What can you do differently

Fleck, who lives in a lawnless suburban house in Albuquerque, said that if he had a lawn with grass, he would probably require the same amount of water as an “economical indoor water user” consumes in one day. “If you are going to landscaping, the biggest blow to your ‘water buck’ is the trees, not the lawns,” he said. “With trees, you have a cooling effect on the urban heat island, you save air conditioning energy from the shade, and in an urban area with air quality problems like Southern California, trees help clean the air.” Some cities are already facing excessive water use by offering homeowners acquisitions to replace their grass with alternatives, such as native plants or wood carvings. – $ 4 per square foot – and replace them with much more water-efficient desert plants. Since the project began, the city says it has successfully replaced 42 million square feet of lawn.

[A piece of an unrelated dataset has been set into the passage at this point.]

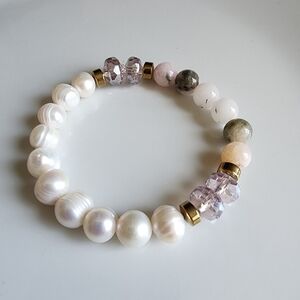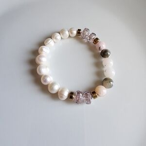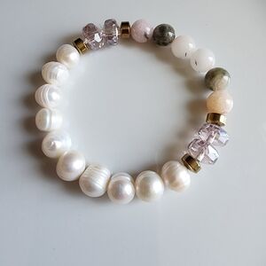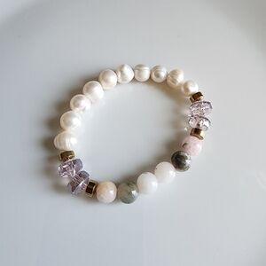 This stunning bracelet showcases lustrous white pearls and soft pink and purple gemstones, enhanced by elegant gold accents. A perfect accessory for any occasion. NEW HANDMADE ✨️

Last year, Nevada passed a law banning ornamental lawn, requiring all “non-functional lawn” to be removed from the Las Vegas Valley by 2027. The Colorado River, which supplies water to much of Nevada, is declining rapidly. . The latest state conservation effort will save about 10% of the area’s annual water distribution from the Colorado River Basin. “Native landscaping makes sense and can be really beautiful,” Fleck said. “One of my favorite western cities is Tucson, and it has adopted this inherent landscape aesthetic and is just a beautiful city and it just uses a lot less water to do that.” Fleck said he expects “the brown lawn will be a mark of honor” soon. “It’s like – contributing to the well-being of our community in this time of crisis by not watering my lawn,” he said. “And I expect it to become the symbol of the regime.”